Patent Publication Number: US-2021186403-A1

Title: Printed Electrocardiogram Leads for Medical Applications

Description:
RELATED APPLICATIONS 
     The present application claims the benefit of U.S. Provisional Application No. 62/953,131, filed Dec. 23, 2019. 
    
    
     BACKGROUND OF THE INVENTION 
     1. Field of the Invention 
     In general, the present invention relates to the structure of electrocardiogram lead elements that interconnect a patient to medical analysis equipment. The present invention also relates to methods of forming electrocardiogram lead elements using printing manufacturing techniques. 
     2. Prior Art Description 
     Many medical testing and monitoring systems require that various probes and sensors be attached to the body of a patient. For example, to perform an electrocardiogram, multiple sensors are attached to the torso and limbs. A common type of electrocardiogram (ECG) is the 10-lead ECG. The 10-lead ECG gives a tracing of the heart from multiple directions using a series of ten electrodes. Each of the ten electrodes picks up electrical activity from a different position on the heart muscle. This allows an experienced interpreter to see the heart from many different angles. The actual electrocardiogram is a graphic record of the direction and magnitude of the electrical activity generated by the depolarization and repolarization of the atria and ventricles of the heart. This electrical activity is readily detected by the ten electrodes attached to the skin. 
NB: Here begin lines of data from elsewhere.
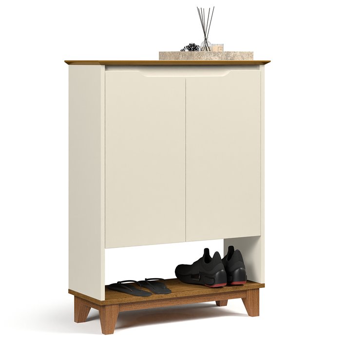 Sapateira para Hall de Entrada Quarto 68cm Flow Off/freijó - Ej Móveis Off White/Freijó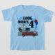 Um cruzador da polícia, motor de incêndio, balões e texto que diz "Olha quem é 4" aparece no nosso design de aniversário do Dia 4 de Heróis.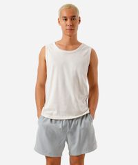 Para um visual descontraído, combine esta bermuda clara masculina com camisetas básicas ou estampadas e tênis casuais. Se a ocasião for um dia na praia ou um passeio à beira-mar, aposte em regatas e sandálias. Para um toque mais arrumado, uma camisa de linho de manga curta cria uma composição sofisticada e perfeita para o verão.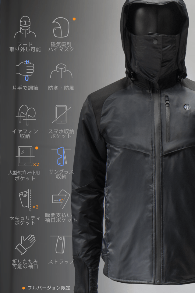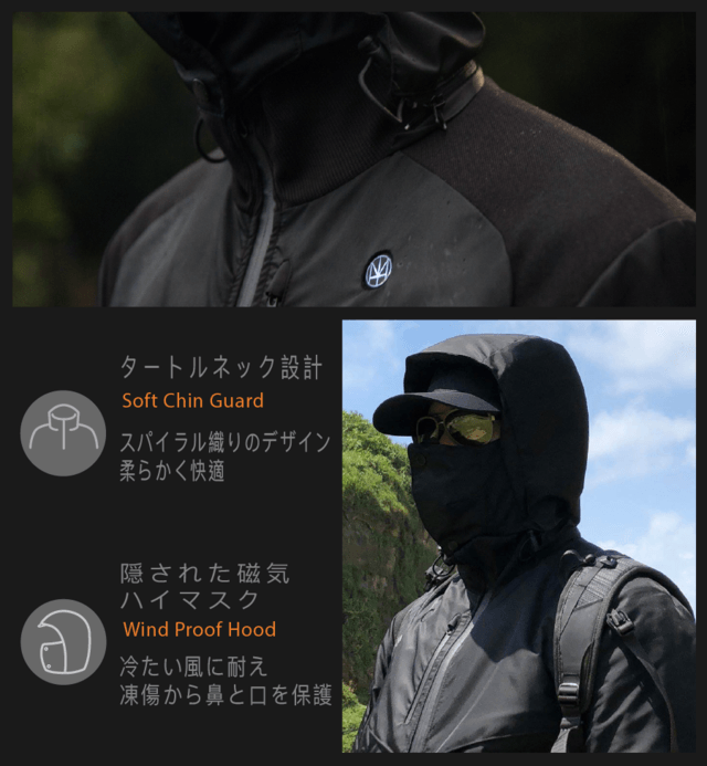 ✔ 発熱・防風・防雨仕様で1つのジャケットで3つの役割

     An ECG utilizes electrodes of opposite polarity (one positive and one negative) or one positive surface electrode and a reference point. Two electrodes of opposite polarity are called a bipolar leads. A lead composed of a single positive electrode and a reference point is a unipolar lead. A ten-lead ECG consists of various bipolar limb leads, unipolar limb leads, and unipolar chest leads, which are also called precordial or V leads. 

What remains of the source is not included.